Mercoledì, 4 giugno 1980

 

Significato della vergogna originale nei rapporti interpersonali uomo-donna

All’inizio dell’udienza generale il Papa ricorda il suo viaggio in Francia

1. Desidero oggi esprimere la mia riconoscenza a Dio per la grazia del servizio, che recentemente mi è stato dato di compiere a Parigi e a Lisieux.

Invitato dal Signor Direttore Generale dell’UNESCO, ho avuto occasione di prendere la parola durante la CIX sessione del Consiglio esecutivo, il 2 giugno scorso, e parlare dell’importanza e dei compiti della cultura nella vita dell’uomo, delle Nazioni e dell’umanità.
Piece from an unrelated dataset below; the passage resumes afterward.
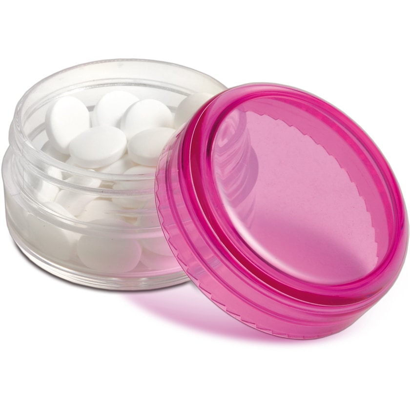 Boks med ca 12 gram sukkerfrie mintpastiller med peppermyntesmak. En unik godteboks som gir bra reklame til en liten kostnad

Contemporaneamente, l’Arcivescovo di Parigi ha fatto di tutto perché quella mia presenza diventasse un vero pellegrinaggio e un vero servizio pastorale non soltanto verso la Chiesa a Parigi ma, per riflesso, verso tutta la Francia. Ne ringrazio la Conferenza Episcopale, con a capo il suo Presidente. Ringrazio, inoltre, il Signor Presidente della Repubblica Francese, i Rappresentanti del Distretto per il loro atteggiamento benevolo nei confronti della mia visita; e, per quanto riguarda il soggiorno a Parigi, ringrazio il Signor Sindaco di quella stupenda capitale.
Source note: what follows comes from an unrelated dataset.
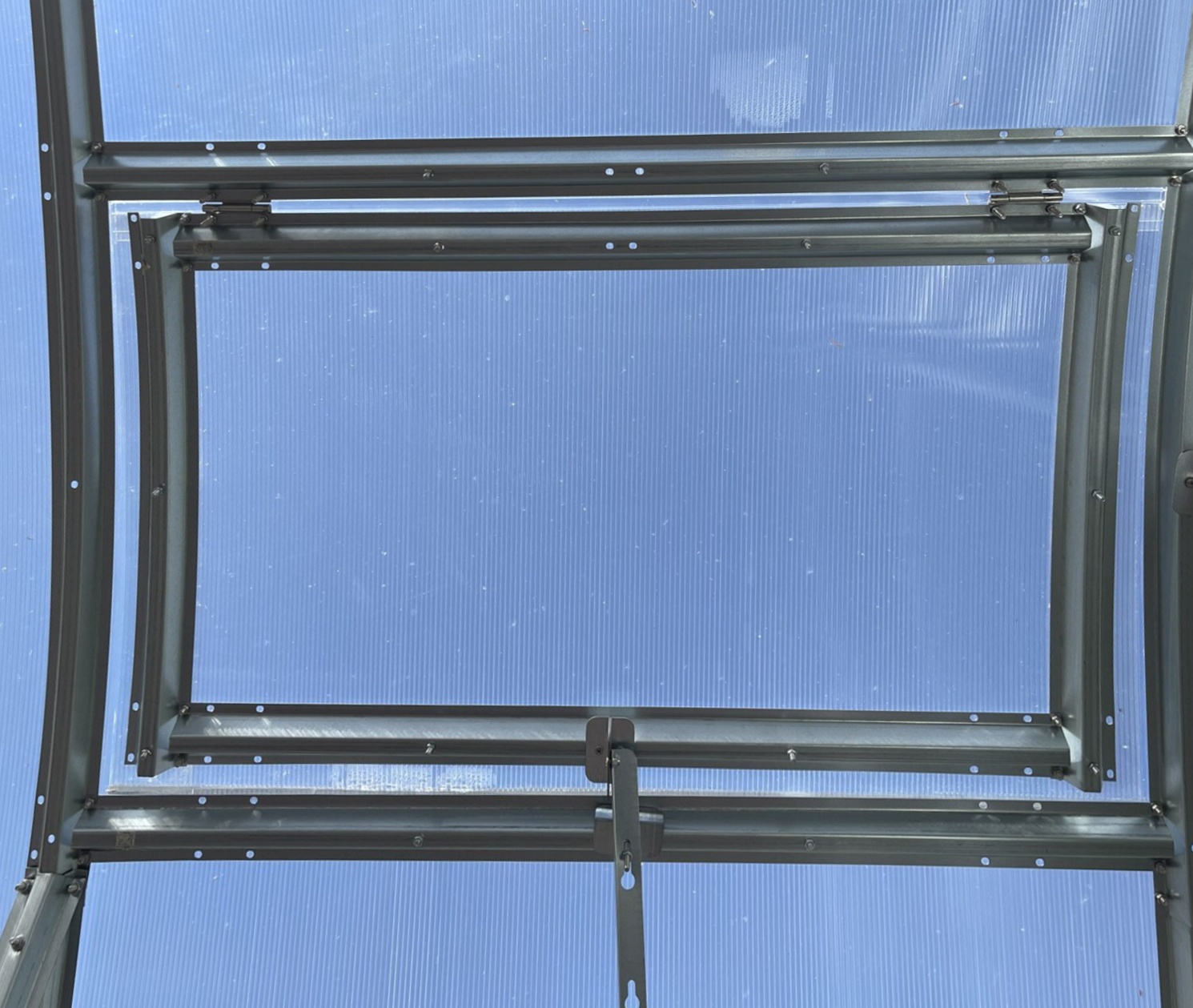 Obloukové střešní okno pro skleníky LANITPLAST KYKLO2 s polykarbonátem 4 / 6 mm, rozměr 0,60 x 0,95 m, možnost instalace aut. otvírače.

Sono grato al Vescovo di Bayeux e Lisieux per l’invito al santuario di Santa Teresa di Gesù Bambino; sono grato altresì alla comunità ed alle autorità per l’ospitalità a me dimostrata. In tal modo il mio pellegrinaggio ha potuto avere una piena eloquenza missionaria presso la tomba di colei che la Chiesa ha dichiarato Patrona delle Missioni.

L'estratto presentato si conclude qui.